2.5 Install TensorFlow Python dependencies and libcupti-dev

To install these packages for Python 3.n, issue the following command:
$ sudo apt-get install python3-numpy python3-dev python3-pip python3-wheel
You must also install libcupti-dev by invoking the following command:
$ sudo apt-get install libcupti-dev

Ubuntu 16.04的默认python版本是2.*,关于如何将python从2.*升级到3.*,请自行查资料解决。

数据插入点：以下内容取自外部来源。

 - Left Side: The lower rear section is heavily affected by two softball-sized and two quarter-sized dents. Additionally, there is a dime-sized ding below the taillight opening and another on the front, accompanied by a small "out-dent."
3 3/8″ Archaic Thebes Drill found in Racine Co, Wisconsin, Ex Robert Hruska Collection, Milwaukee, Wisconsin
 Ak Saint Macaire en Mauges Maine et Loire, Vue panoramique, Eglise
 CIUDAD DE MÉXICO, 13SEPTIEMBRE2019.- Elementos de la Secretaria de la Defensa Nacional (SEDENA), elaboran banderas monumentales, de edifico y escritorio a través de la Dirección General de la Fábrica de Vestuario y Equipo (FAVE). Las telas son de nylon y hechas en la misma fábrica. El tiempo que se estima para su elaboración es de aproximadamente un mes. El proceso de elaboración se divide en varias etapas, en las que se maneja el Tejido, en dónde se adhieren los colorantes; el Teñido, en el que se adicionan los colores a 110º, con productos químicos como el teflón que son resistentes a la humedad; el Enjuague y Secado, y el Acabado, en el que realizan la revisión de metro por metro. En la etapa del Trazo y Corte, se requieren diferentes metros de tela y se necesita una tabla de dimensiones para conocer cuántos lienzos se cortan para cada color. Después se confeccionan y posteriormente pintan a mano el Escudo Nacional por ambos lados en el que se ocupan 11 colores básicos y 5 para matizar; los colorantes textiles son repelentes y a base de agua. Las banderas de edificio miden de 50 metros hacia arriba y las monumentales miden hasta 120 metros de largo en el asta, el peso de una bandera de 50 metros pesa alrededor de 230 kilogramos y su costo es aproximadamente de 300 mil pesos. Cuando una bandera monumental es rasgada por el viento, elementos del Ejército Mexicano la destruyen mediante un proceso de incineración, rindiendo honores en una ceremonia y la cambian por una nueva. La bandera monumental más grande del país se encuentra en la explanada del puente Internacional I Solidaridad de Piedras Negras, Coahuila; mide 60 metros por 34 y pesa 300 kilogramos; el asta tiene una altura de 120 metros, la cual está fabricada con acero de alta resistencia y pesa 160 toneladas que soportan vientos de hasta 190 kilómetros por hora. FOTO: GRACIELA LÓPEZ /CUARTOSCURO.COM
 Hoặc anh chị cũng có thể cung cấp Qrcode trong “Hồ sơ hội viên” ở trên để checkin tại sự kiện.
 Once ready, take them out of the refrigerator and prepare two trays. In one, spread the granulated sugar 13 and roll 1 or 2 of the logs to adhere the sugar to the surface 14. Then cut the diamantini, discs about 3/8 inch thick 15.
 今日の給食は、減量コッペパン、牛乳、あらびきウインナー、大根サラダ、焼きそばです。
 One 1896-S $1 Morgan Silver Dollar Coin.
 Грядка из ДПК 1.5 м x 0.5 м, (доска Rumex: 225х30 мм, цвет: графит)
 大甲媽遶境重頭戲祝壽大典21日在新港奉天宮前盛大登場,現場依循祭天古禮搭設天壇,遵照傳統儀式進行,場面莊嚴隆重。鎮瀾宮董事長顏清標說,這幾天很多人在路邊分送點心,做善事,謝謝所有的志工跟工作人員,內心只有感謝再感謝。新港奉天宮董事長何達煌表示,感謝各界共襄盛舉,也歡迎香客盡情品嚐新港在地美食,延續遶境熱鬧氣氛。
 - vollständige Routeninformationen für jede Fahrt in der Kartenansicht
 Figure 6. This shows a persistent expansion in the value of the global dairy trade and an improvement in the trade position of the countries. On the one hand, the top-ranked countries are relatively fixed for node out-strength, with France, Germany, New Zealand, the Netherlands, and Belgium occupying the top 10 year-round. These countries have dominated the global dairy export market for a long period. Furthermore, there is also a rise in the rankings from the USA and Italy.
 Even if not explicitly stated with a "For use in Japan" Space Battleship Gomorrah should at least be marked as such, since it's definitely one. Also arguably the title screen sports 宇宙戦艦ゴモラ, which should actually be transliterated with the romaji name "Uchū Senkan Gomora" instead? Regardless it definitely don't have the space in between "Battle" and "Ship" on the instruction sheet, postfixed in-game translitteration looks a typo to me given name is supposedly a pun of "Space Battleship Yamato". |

3.安装TensorFlow(GPU support)

3.1 Clone the TensorFlow repository

To clone the latest TensorFlow repository, issue the following command:
$ git clone https://github.com/tensorflow/tensorflow

关于git的使用方法,请参考Git学习笔记

3.2 Configure the installation

配置安装命令如下:

$ cd tensorflow  # cd to the top-level directory created
$ ./configure

Here is an example execution of the configure script. Note that your own input will likely differ from our sample input:

Please specify the location of python. [Default is /usr/bin/python]:
Please specify optimization flags to use during compilation when bazel option "--config=opt" is specified [Default is -march=native]:
Do you wish to use jemalloc as the malloc implementation? [Y/n]
jemalloc enabled
Do you wish to build TensorFlow with Google Cloud Platform support? [y/N]
No Google Cloud Platform support will be enabled for TensorFlow
Do you wish to build TensorFlow with Hadoop File System support? [y/N]
No Hadoop File System support will be enabled for TensorFlow
Do you wish to build TensorFlow with the XLA just-in-time compiler (experimental)? [y/N]
No XLA JIT support will be enabled for TensorFlow
Found possible Python library paths:
  /usr/local/lib/python2.7/dist-packages
  /usr/lib/python2.7/dist-packages
Please input the desired Python library path to use. Default is [/usr/local/lib/python2.7/dist-packages]
Using python library path: /usr/local/lib/python2.7/dist-packages
Do you wish to build TensorFlow with OpenCL support? [y/N] N
No OpenCL support will be enabled for TensorFlow
Do you wish to build TensorFlow with CUDA support? [y/N] Y
CUDA support will be enabled for TensorFlow
Please specify which gcc should be used by nvcc as the host compiler. [Default is /usr/bin/gcc]:
Please specify the Cuda SDK version you want to use, e.g. 7.0. [Leave empty to use system default]: 8.0
Please specify the location where CUDA 8.0 toolkit is installed. Refer to README.md for more details. [Default is /usr/local/cuda]:
Please specify the cuDNN version you want to use. [Leave empty to use system default]: 5
Please specify the location where cuDNN 5 library is installed. Refer to README.md for more details. [Default is /usr/local/cuda]:
Please specify a list of comma-separated Cuda compute capabilities you want to build with.
You can find the compute capability of your device at: https://developer.nvidia.com/cuda-gpus.
Please note that each additional compute capability significantly increases your build time and binary size.
[Default is: "3.5,5.2"]: 6.1
Setting up Cuda include
Setting up Cuda lib
Setting up Cuda bin
Setting up Cuda nvvm
Setting up CUPTI include
Setting up CUPTI lib64
Configuration finished

可在配置前先执行bazel clean,避免与其他配置冲突。

3.3 Build the pip package

To build a pip package for TensorFlow with GPU support, invoke the following command:
$ bazel build --config=opt --config=cuda //tensorflow/tools/pip_package:build_pip_package

若出现error load....错误,请在bazel build前添加sudo。执行这一步需要有耐心,如果是因为网络原因导致所需的包未成功下载,请重复执行此句。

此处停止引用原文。